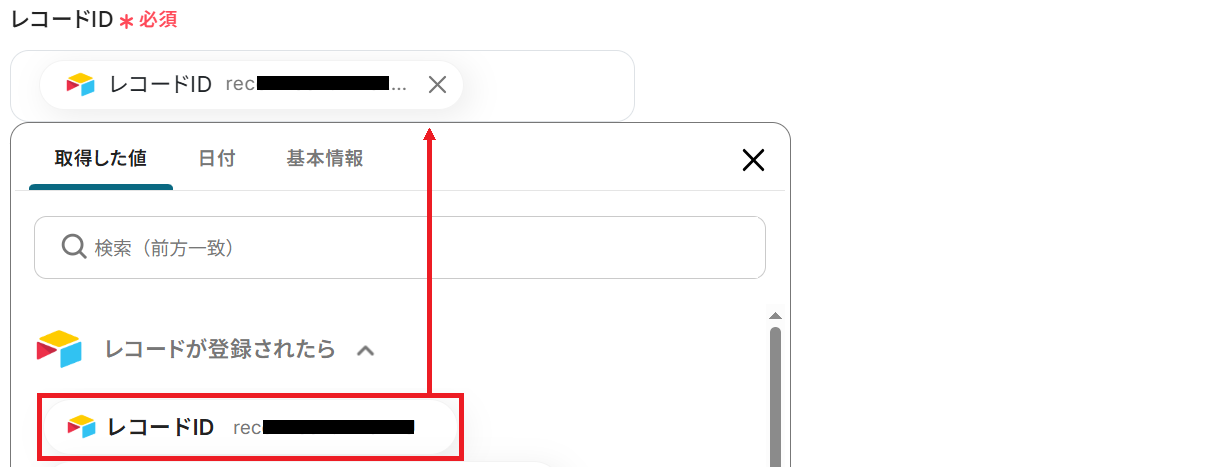 ※以下のように取得した値を設定することで、トリガーが実行されるたびに最新のレコード情報を反映できます。
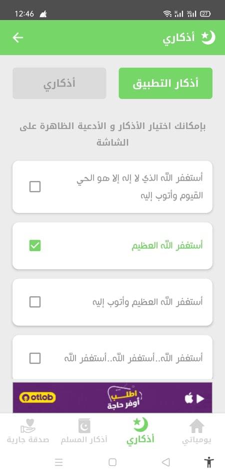 كما شرحت لك يا صديقي، فإن برنامج اذكار المسلم يقوم بعرض الاذكار على شاشة هاتفك بالكثافة التي تريدها كما هو واضح من خلال السطور السابقة. وعندما تنقر على ايقونة اذكاري الموجودة في أسفل شاشة التطبيق على شكل هلال ونجمة، فسوف تقوم بتحديد الاذكار التي تريدها أن تظهر على شاشة الهاتف. فيمكنك الاختيار من الاذكار المسجلة على تطبيق اذكار المسلم، أو تقوم أنت بكتابة الذكر الذي تريد أن يظهر على شاشة هاتفك. وبالنسبة للاذكار التي يعرضها لك التطبيق، فيمكنك أن تنقر على المربع الموجود بجوار كل ذكر لتعلم عليه بعلامة صح ويتم ضمه إلى قائمة الاذكار التي سوف تنور شاشة هاتفك. أو تنقر على علامة الصح لتخفي الذكر.
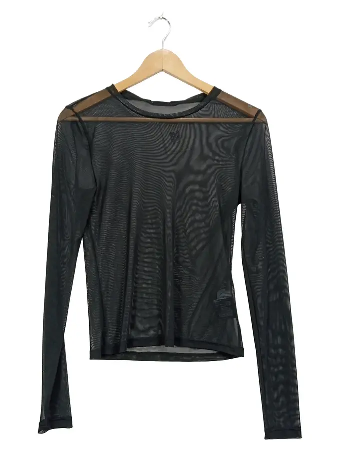 Damen Langarmshirt Netz Mesh transparent schwarz Gr. S
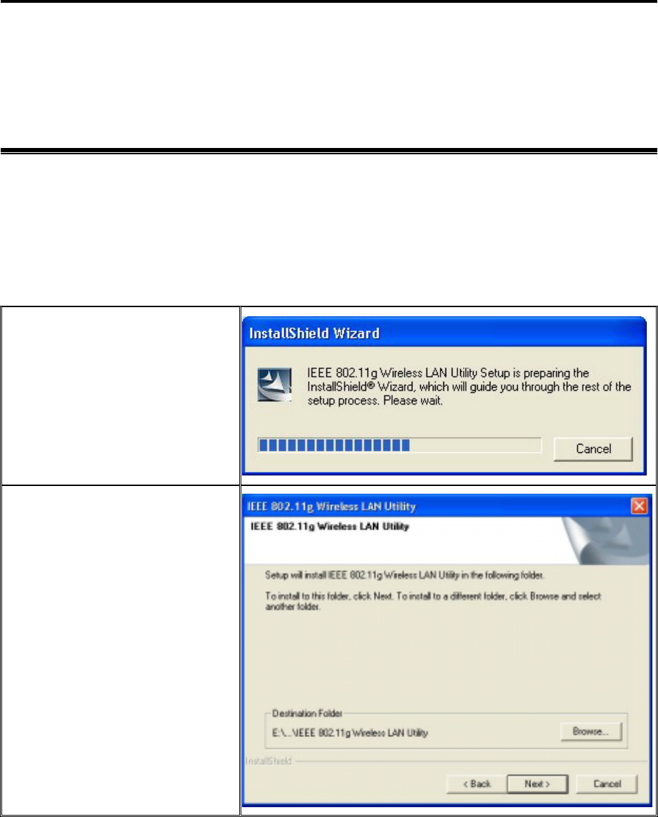 The complete installation of the 802.11g Wireless LAN PCI Card consists of the following

_ASSIGNED TASK:_ Quote exactly the lines from the line that contains "Damen Langarmshirt Netz" through the last line of the listing, please, leaving out all pictures.

_REPLY:_
 Damen Langarmshirt Netz Mesh transparent schwarz Gr. S
 The complete installation of the 802.11g Wireless LAN PCI Card consists of the following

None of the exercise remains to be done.